Hello,
I’m a newcomer to NMT with a translation studies background, so please go easy on me with regards to IT knowledge expectations.
I’ve run into a similar issue as the thread starter, suggesting there might indeed be a bit of extra memory overhead for mixed precision training.
I recently completed training up to 70000 steps for my JP-EN patent data with full precision, but wanted to see if I could speed it up with mixed-precision on my RTX2060.
My vocabulary is 50000 tokens for both source and target. The training corpus is around 20+ million words on each.
When training in full precision at the following settings I have no OOM messages:
onmt-main --model_type Transformer --config ntc7o/datatransJPEN.yml config/transformer.yml --auto_config --gpu_allow_growth train --with_eval
config/transformer.yml
train:
batch_size: 1024
effective_batch_size: 4096
save_checkpoint_steps: 10000
keep_checkpoint_max: 5
seed: 3435
train_steps: 500000
valid_steps: 10000
warmup_steps: 8000
report_every: 100
eval:
batch_size: 32
steps: 10000
save_eval_predictions: true
external_evaluators: bleu
early_stopping:
metric: bleu
min_improvement: 0.01
steps: 4
However, training with the same settings with the only exception being vocabulary --size_multiple 8 and the --mixed_precision flag, the following is what I get:
INFO:tensorflow:Number of model parameters: 121002840
2020-03-23 11:01:30.668202: I tensorflow/core/grappler/optimizers/auto_mixed_precision.cc:1351] No whitelist ops found, nothing to do
2020-03-23 11:01:39.317652: I tensorflow/core/grappler/optimizers/auto_mixed_precision.cc:1857] Converted 2370/10505 nodes to float16 precision using 197 cast(s) to float16 (excluding Const and Variable casts)

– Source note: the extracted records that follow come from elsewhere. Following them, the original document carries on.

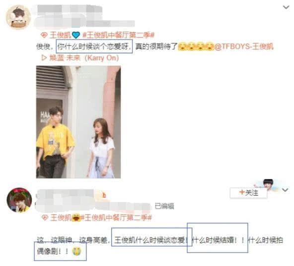 Tuy nhiên, những “cơn gió” gần đây dường như đã có chút đổi hướng. Có rất nhiều người hâm mộ trên Weibo bày tỏ sự hy vọng Vương Tuấn Khải sẽ sớm hẹn hò. Rốt cuộc ý định của những người này là gì? Đừng nói điều đó một cách dễ dàng chứ, nếu cậu bé thực sự “rơi vào lưới tình”, lúc đó các bạn không thể oán trách được bất cứ ai đâu, mà chỉ có thể ngồi một góc mà khóc sụt sịt suốt đêm đấy!
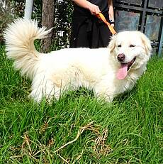 Sie nahm den zweiten Hund, einen Pudel mit und ließ Hug alleine im Garten des Hauses zurück. Ihre Tochter postete Hug im Facebook, um ihn zu vermitteln. Einmal täglich kam die Tochter zu dem Haus, um Hug wenigstens Futter und Wasser zu geben. Ansonsten war der hübsche Hundejunge ganz alleine in dem Garten. Hug konnte diese Situation des Alleineseins nicht aushalten, sprang über den Zaun und verschwand. Über Facebook wurde nach ihm gesucht und nach einer Woche fanden ihn die Tierschützer bei einem Bauern, der Hug bereits an die Kette gelegt hatte, damit er die Hühner bewacht. Die Tochter der früheren Besitzerin holte Hug bei dem Bauern ab, brachte ihn zurück zu dem Haus ihrer Mutter und sperrte den armen Kerl in das Haus ein, damit er nicht nochmal weglaufen kann. Hug, der immer noch nach seinem Frauchen sucht, leidet maßlos unter der Situation, da er ohne menschliche Zuwendung nicht leben kann.
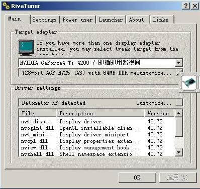1.以一块64MB的Ti4200为例子,搭配的驱动为雷管40.72 WHQL微软认证版驱动。首先运行RivaTuner,只需要用鼠标双击程序的可执行文件即可启动它。
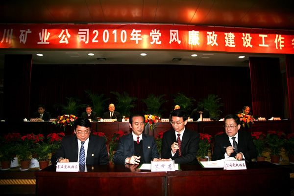 會(huì)上,張仿文同志宣讀了2008—2009年度紀(jì)檢監(jiān)察工作先進(jìn)集體和先進(jìn)個(gè)人表彰決定。公司領(lǐng)導(dǎo)為受表彰的先進(jìn)集體頒發(fā)了獎(jiǎng)牌。王石凹礦、下石節(jié)礦、奧博集團(tuán)做了經(jīng)驗(yàn)交流發(fā)言;玉華礦、一五三廠、徐家溝公司進(jìn)行了書面交流。公司黨政領(lǐng)導(dǎo)杜樹山、宋志剛與各單位黨政簽訂了2010年黨風(fēng)廉政建設(shè)目標(biāo)責(zé)任書。
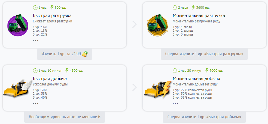 Способности бульдозеров позволяют сокращать время добычи и разгрузки, а также увеличить количество добываемой руды. Изучайте способности на каждом из Ваших бульдозеров, чтобы добиться максимальных результатов в игре!
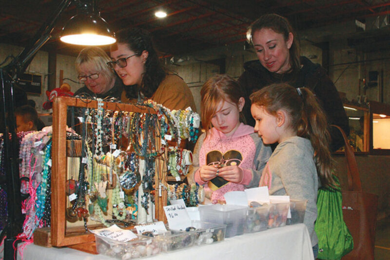 Seven-year-olds Elly Manley, left, and Raelee Hindman check out rocks from Lebanon’s Rock Castle and Cota’s Lapidary with Miranda Manley at the 73rd annual Sweet Home Rock and Mineral Show at the Sweet Home High School activity gym on April 1.
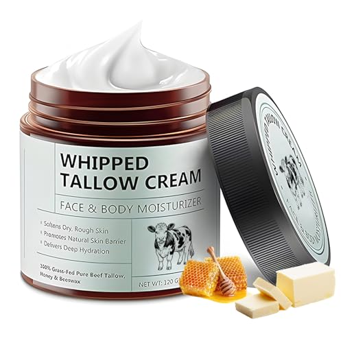 Biff Tallow Creme, ekologisk biff tallow Skincare, gräsfodrad nötkött talgkräm med honung bivax, djup fuktgivande för ansikte och kropp, snabb absorption och inte parfymerad, 120 g
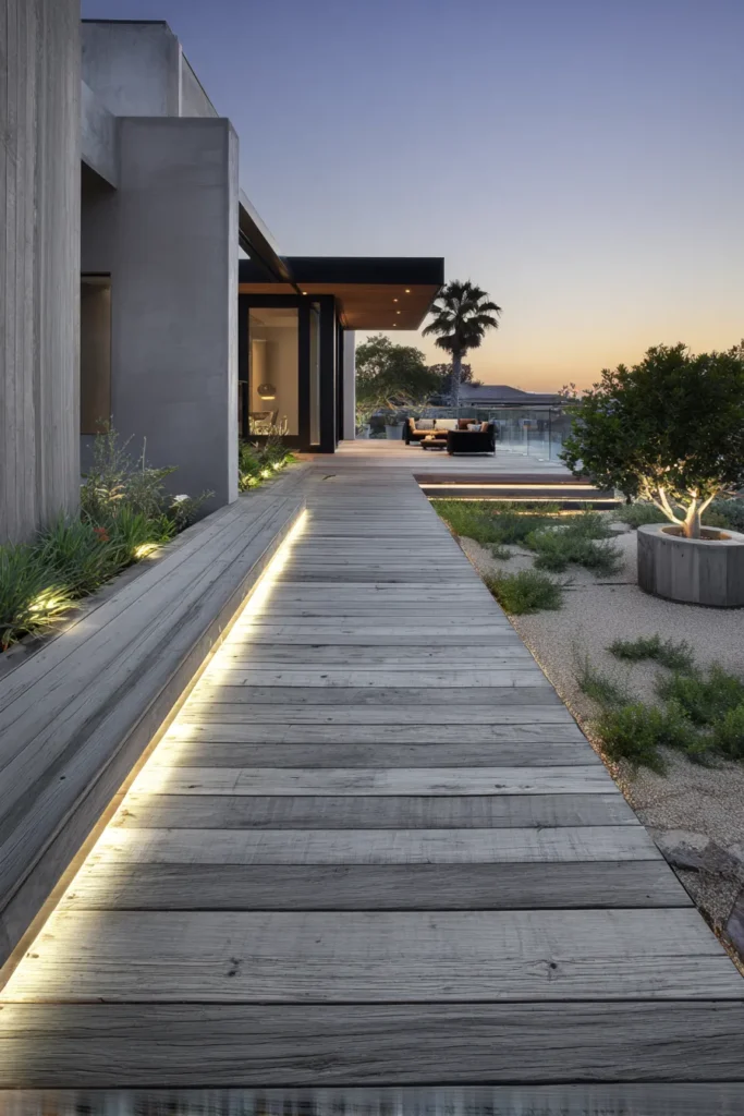 This ground level deck features light wood planks laid in a straight, clean line that gently guides you through a landscaped garden. Subtle built in lighting runs along the edges, softly illuminating the path without overpowering the surroundings. Gravel borders and sculpted greenery frame the deck, keeping everything calm, tidy, and visually balanced.
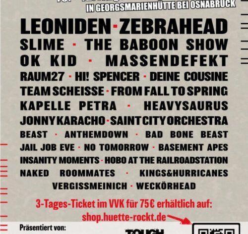 Festivalwelt von morgen. Wir freuen uns, ein Teil davon sein zu dürfen“ (Christian Peters, 2. Vorsitzender Die Hütte rockt e.V.) Für 60,00 € inkl. aller Gebühren gibt es aktuell die Tickets in der Preisstufe 1. Schnell sein lohnt sich also!
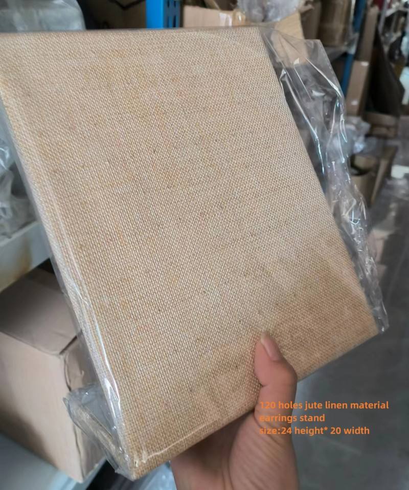 Espositore per Gioielli a Forma di L, 60 Scomparti, in Velluto e Juta, per Orecchini
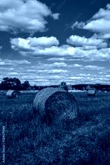 Beautiful summer rural landscape. Hay in a field with a blue sky in the background.
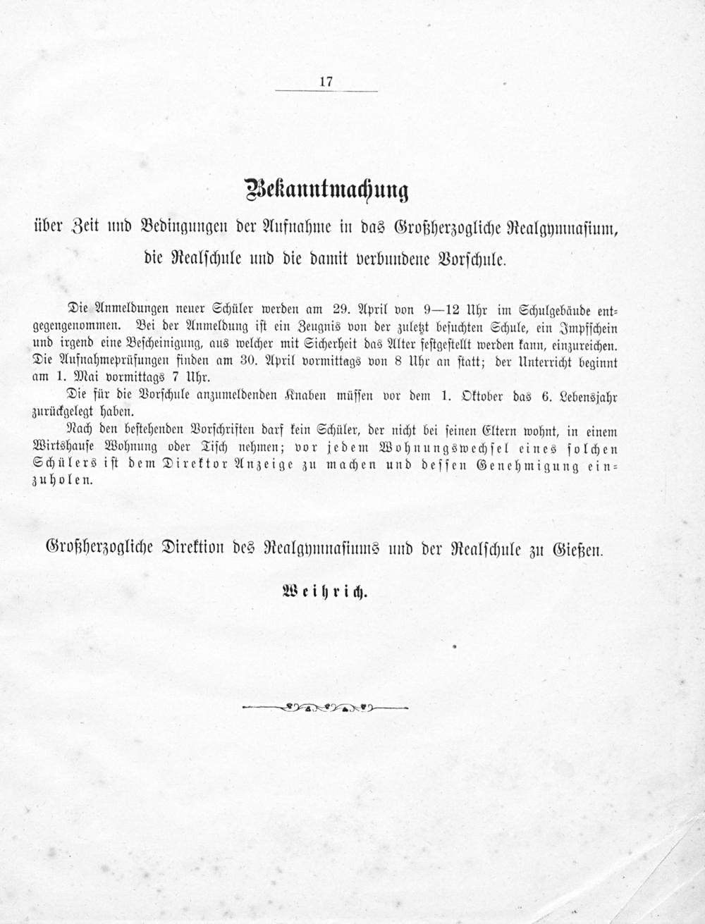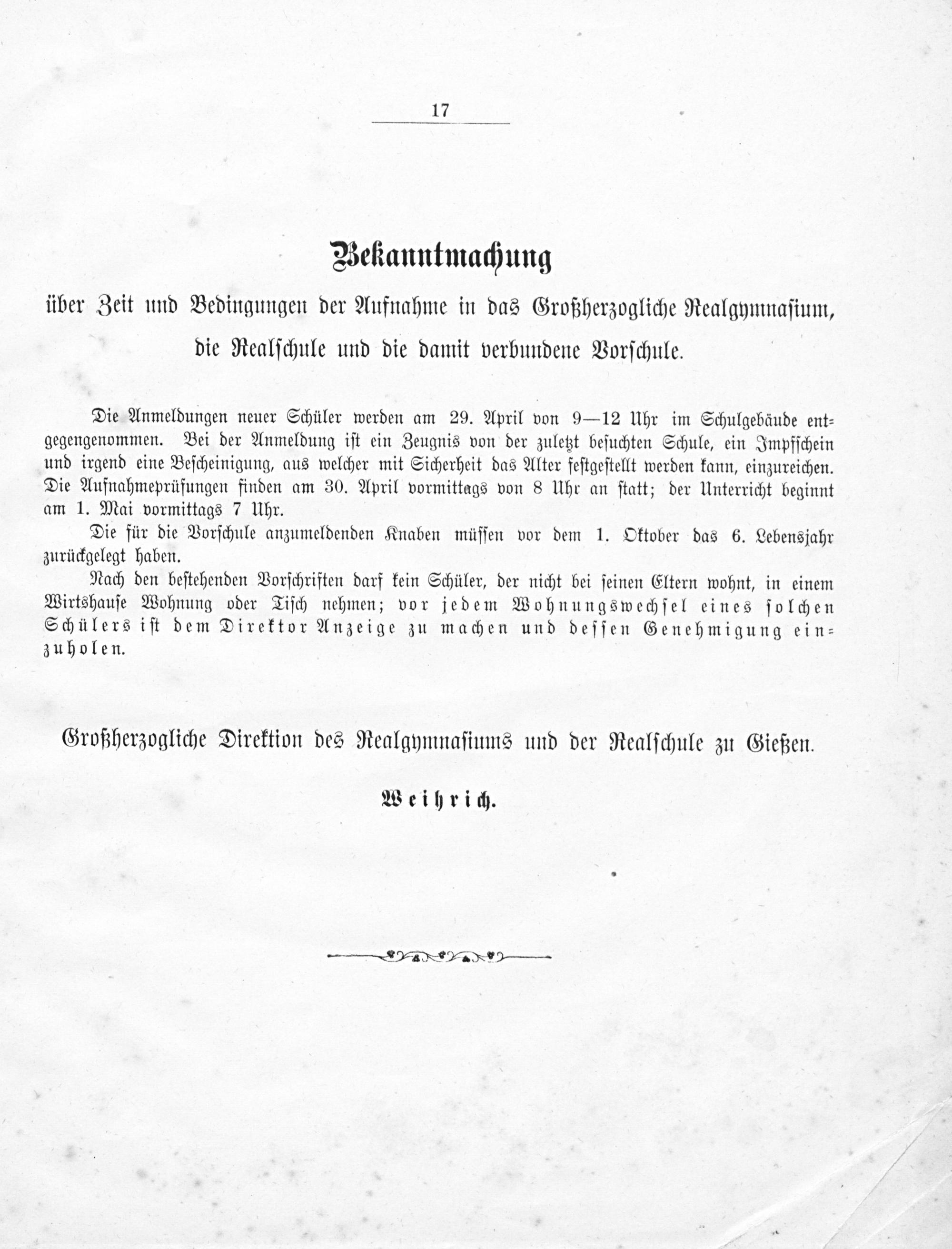 über Zeit und Bedingungen der Aufnahme in das Großherzogliche Realgymnaſium, die Realſchule und die damit verbundene Vorſchule.
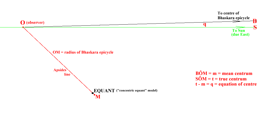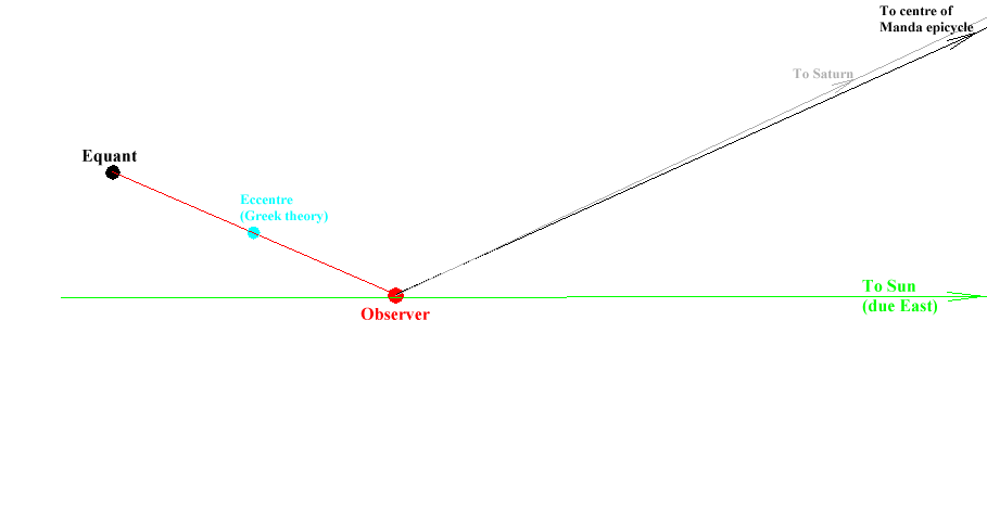 An important point, called the " equant ", is located on an apsides line drawn parallel to the radius of the Manda epicycle but running through the observer. The distance between the observer and the equant is twice the radius of the Manda epicycle. The mid-

2020-03-23 11:01:42.689462: I tensorflow/stream_executor/platform/default/dso_loader.cc:44] Successfully opened dynamic library libcublas.so.10
2020-03-23 11:01:45.873516: I tensorflow/stream_executor/platform/default/dso_loader.cc:44] Successfully opened dynamic library libcudnn.so.7
2020-03-23 11:01:53.525157: I tensorflow/core/grappler/optimizers/auto_mixed_precision.cc:1351] No whitelist ops found, nothing to do
INFO:tensorflow:Saved checkpoint /home/chris/NMT/openNMT-tf/ntc7o/transmixedJPEN/ckpt-1
2020-03-23 11:01:58.390385: I tensorflow/stream_executor/cuda/cuda_driver.cc:801] failed to allocate 1.07G (1153105920 bytes) from device: CUDA_ERROR_OUT_OF_MEMORY: out of memory
2020-03-23 11:01:58.390899: I tensorflow/stream_executor/cuda/cuda_driver.cc:801] failed to allocate 989.72M (1037795328 bytes) from device: CUDA_ERROR_OUT_OF_MEMORY: out of memory
2020-03-23 11:01:58.391486: I tensorflow/stream_executor/cuda/cuda_driver.cc:801] failed to allocate 890.75M (934015744 bytes) from device: CUDA_ERROR_OUT_OF_MEMORY: out of memory
INFO:tensorflow:Reduce to /job:localhost/replica:0/task:0/device:CPU:0 then broadcast to (’/job:localhost/replica:0/task:0/device:CPU:0’,).
INFO:tensorflow:Reduce to /job:localhost/replica:0/task:0/device:CPU:0 then broadcast to (’/job:localhost/replica:0/task:0/device:CPU:0’,).
2020-03-23 11:02:44.138455: I tensorflow/core/grappler/optimizers/auto_mixed_precision.cc:1351] No whitelist ops found, nothing to do
INFO:tensorflow:Step = 100 ; steps/s = 0.85, source words/s = 3835, target words/s = 3572 ; Learning rate = 0.000012 ; Loss = 10.206561
INFO:tensorflow:Step = 200 ; steps/s = 2.10, source words/s = 9687, target words/s = 8974 ; Learning rate = 0.000025 ; Loss = 9.001592
INFO:tensorflow:Step = 300 ; steps/s = 2.11, source words/s = 9667, target words/s = 8942 ; Learning rate = 0.000037 ; Loss = 7.650735
Training still starts and is indeed a good bit faster than without mixed_precision (2.10 steps/s vs 1.70 step/s), but OOM errors are worrisome. I’ll report if results are as expected, but any ideas on how to avoid them?
P.S.: Notice the --gpu_allow_growth flag. This is a different issue altogether, but without this flag, training will not start at all. Appears to be an issue with RTX series?
Update 24_03_2020: Reached my early stopping metric early this evening. Everything seems to have worked regardless of the OOM messeges. Are they safe to ignore?